How exactly does freedom work? A selection of important peace agreements from history and their inevitable breaches on SCHIRN MAGAZINE.

Has there ever been a time when absolute peace has reigned? Possibly, in times about which we know nothing. Leaving this kind of conjecture aside, probably not. And coming to this conclusion does not require extensive research. It would appear that war, be it on a large or small scale, is in our blood. But not in all of us; that goes without saying. Yet, as we all know, it only takes a couple of people in positions of authority to make millions of people’s lives a misery. 

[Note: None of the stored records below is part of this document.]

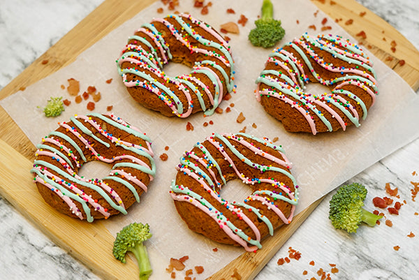 Our Broccoli and Peanut Butter doggy donuts are the perfect delicious & healthy treat for your pup! They won’t even know you snuck in some veggies.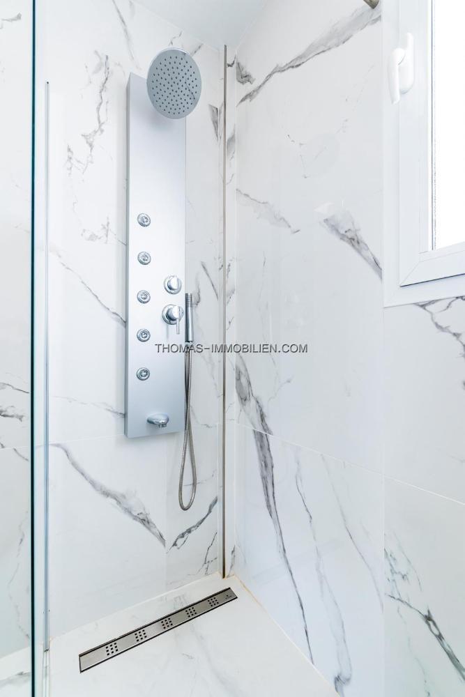 Voll ausgestattete Bäder mit Oberschränken, Spiegel und Duschwand.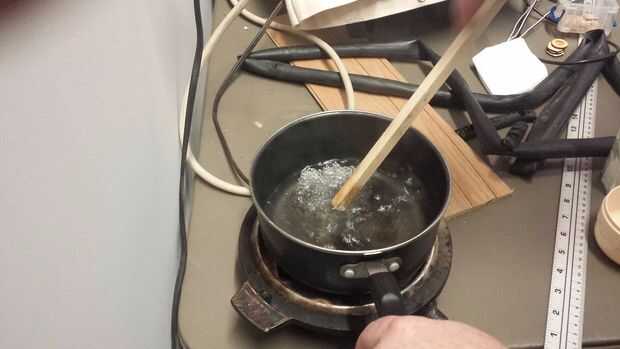 2. Encienda el quemador al bajo. El agua no debe llegar por encima de 150 grados, de lo contrario el instamorph puede empezar a pegarse a la olla y llega a ser demasiado caliente para manejar.
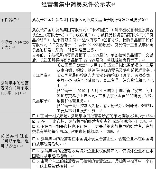 据国家市场监督管理总局官网披露,长江国贸收购良品铺子股权案已正式进入经营者集中反垄断审查阶段。尽管该行政审查程序与广州轻工的股权纠纷诉讼分属不同法律维度,但司法层面冻结宁波汉意所持19.89%股份的保全措施,已对交易架构产生实质性影响。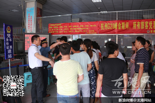 为了做好G20维稳安保工作,龙港车站已全面升级安保措施。继月前实施乘车实名制后。近来,车站加大对开往杭州等方向车次重点检查外,并增派安保人员对进站旅客行包、人身、托运行李的全覆盖安检,杜绝一切违禁品进入候车室上车。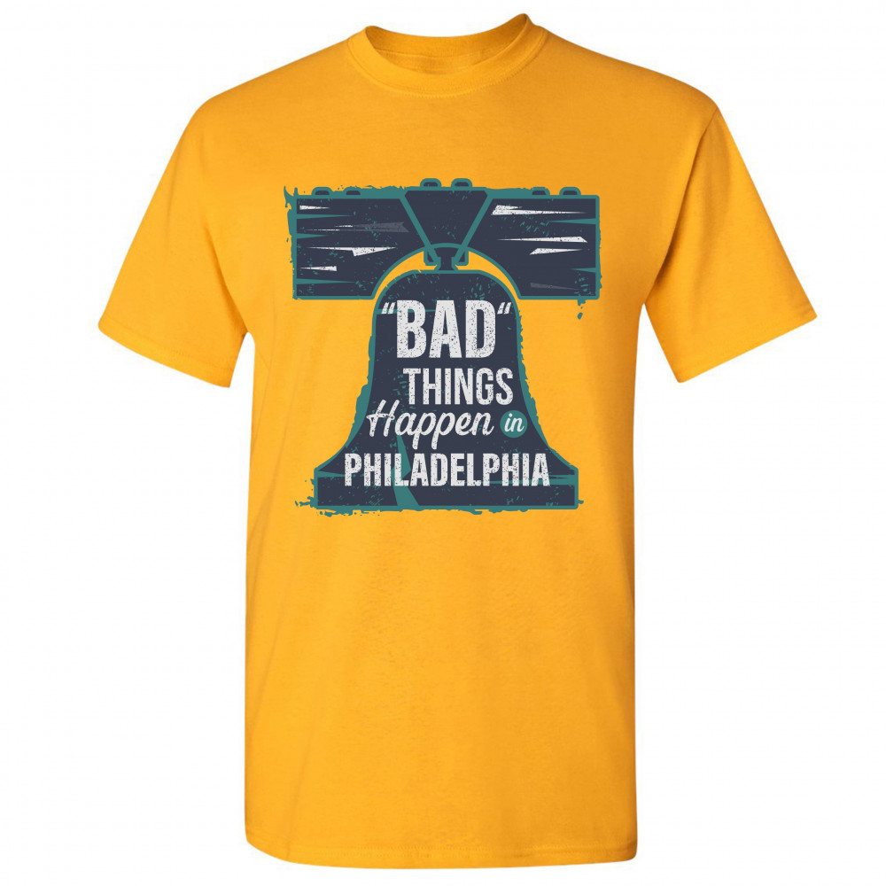 A funny print featuring the famous Liberty Bell located in Philadelphia, Pennsylvania. On the Bell it is written: "Bad things happen in Philadelphia". The word "bad" is in air quotes. It is a great choice for anyone who closely follows politics.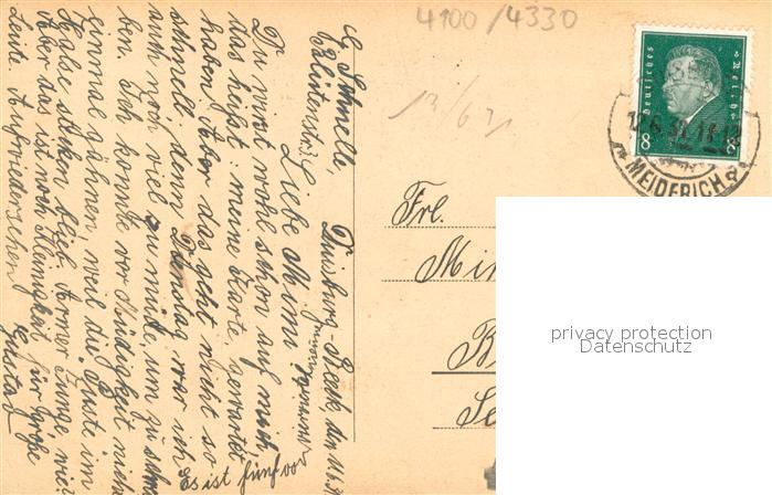 73696633 alte Postkarte Duisburg Ruhr Kurhaus Raffelberg postalisch gelaufen Erhaltung siehe scans [LiesaD40] KatCode: 11110005112000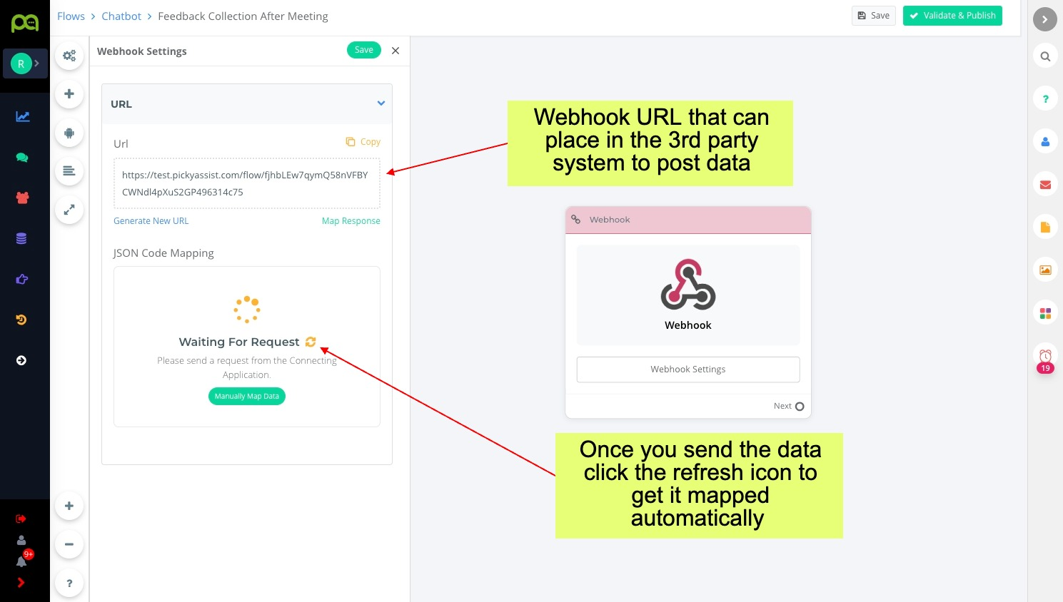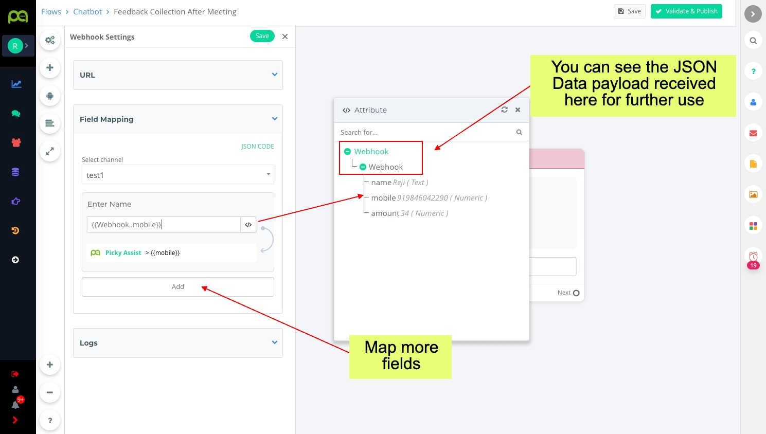 Whenever you add a step, it creates a unique webhook for that step as shown below. You need to send a data payload to this URL in either JSON or query string format. After sending the payload, click on the refresh button so the system can fetch and map the data inside the flow. This data will then be available for further use in the attributes.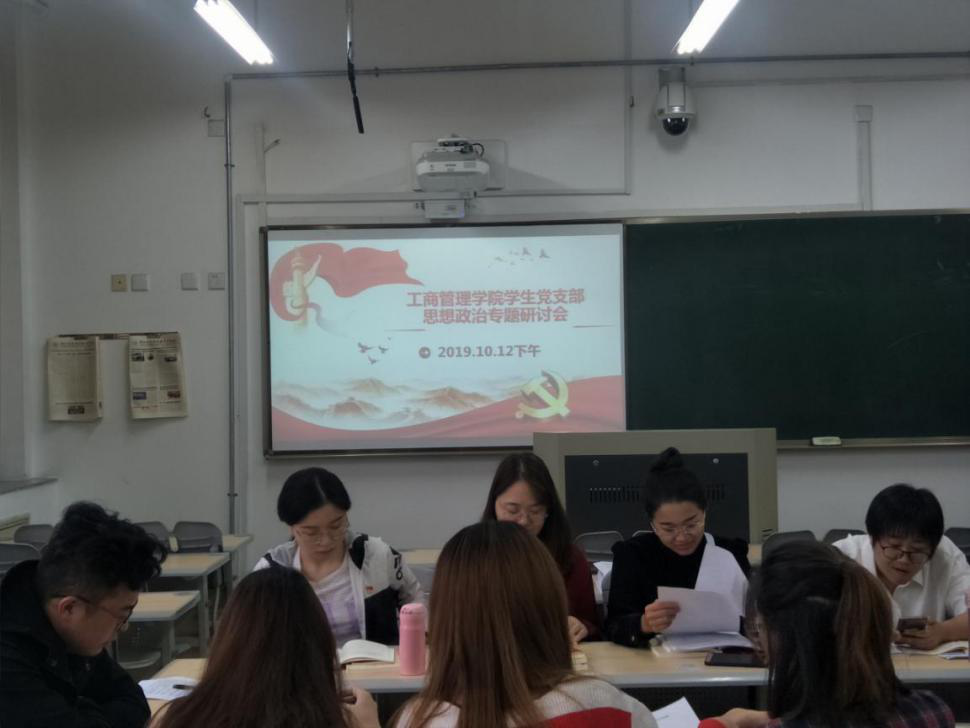 2019年10月12日12点,工商管理学院学生党支部在黄泽楼2403教室开展了专题研讨会,此次研讨会围绕党的政治建设、全面从严治党、理想信念、宗旨性质、担当作为、政治纪律和政治规矩、党性修养、廉洁自律等八个方面开展,工商管理学院学生党支部全体成员参加了此次研讨会。

Since we have never been able to examine that time of “absolute peace” and will probably never be in a position to do so, let us at least look at some significant peace agreements. Despite the countless wars that have raged throughout the history of mankind there have nevertheless been a number of peace accords. We will be casting our eye explicitly over those brief moments in which peace was brokered and an agreement reached. Capitulations (for example Germany’s unconditional capitulation in 1945), cease-fires (in 1973 between the USA and North Vietnam; on the Vietnam War cf. the article “A dark chapter”) and treaties to prevent war (including the Charter of the United Nations and the Covenant of the League of Nations which formed part of the Treaty of Versailles) will not form part of this discussion.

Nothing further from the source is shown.